Create an alert template

  1. Log on to the Realtime Compute for Apache Flink console.
  2. On the Fully Managed Flink tab, click Development Console in the Actions column of the desired workspace.
  3. In the left-side navigation pane, click Alarm Templates.
  4. Click Add Alarm Template.
  5. Enter information about the rule.
    Alert templates
    Category Parameter Description
    Rule Name The name must be 3 to 64 characters in length and can contain lowercase letters, digits, and underscores (_). It must start with a letter.
    Description The remarks of the rule.
    Content Configure the content of the condition that triggers an alert. After the condition is configured, the system compares the value of the specified metric with the threshold at a specified interval. If the result meets the condition, the alert is automatically generated.
    In the condition:
    • Metric: Two types of metrics are supported.

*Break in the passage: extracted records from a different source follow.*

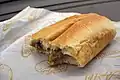 Empanada picante frita con cebolla y salsa picante o salsa de yogur servida entre pan de hamburguesa o perrito caliente | [6] | |
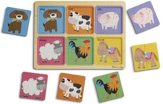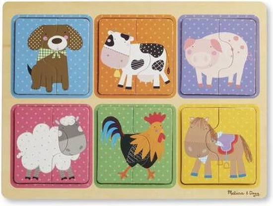 Zes puzzels van 2 stukjes. Voor kinderen vanaf 2 jaar. Thema Boerderij dieren
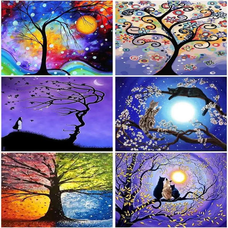 Квадратная алмазная живопись RUOPOTY, абстрактное дерево 5D, алмазная вышивка сделай сам, мозаика, ландшафт, искусство, искусство
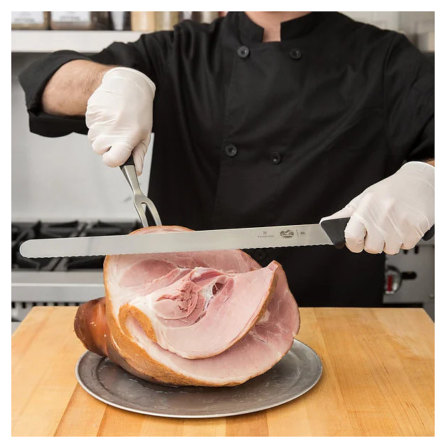 Нож Victorinox 5.4233.36 Fibrox используется для нарезания ломтиками запеченных мяса, птицы, мясных полуфабрикатов и аналогичных продуктов на предприятиях общественного питания и в домашних условиях. Модель оснащена лезвием с зубчатой режущей кромкой и округлым наконечником. Клинок выполнен из высококачественной мартенситной нержавеющей стали с полированной поверхностью, рукоятка – из комбинированного полимера фиброкс: твердая внутренняя часть – из полипропилена (PP), внешняя – из термопластичного эластомера (TPE) черного цвета. Особенности:

      • Restart Count in 1 Minute: the number of times that Job Manager is restarted in 1 minute
      • Checkpoint Count in 5 Minutes: the number of times that the checkpoint succeeds in 5 minutes
    • Time interval N: A check is performed once every N minutes. The time interval must be equal to or less than 60 min. Unit: min.
    • Comparator: The >= and <= comparators are supported.
    • Threshold: The value that is used to compare with the metric.
    Effective Time The time when alert monitoring takes effect. You can specify that alert monitoring takes effect during the day (from 09:00 to 18:00). By default, alert monitoring takes effect throughout the day.
    Alarm Rate Valid values: 1 Min and 1 Day. This indicates that an alert is sent once per minute or per day.
    Notification Notify Way The following three notification delivery methods are supported:
    • DingDing
    • Email
    • SMS
    Note You can configure the phone number, mailbox, and DingTalk information of a contact in contacts.
    Contact Group The contacts or contact groups that can be notified. You can click the buttons below this field to edit contacts and contact groups.
  6. Click Save.
    The saved alert rule appears in the alert template list. You can edit or delete the alert rule.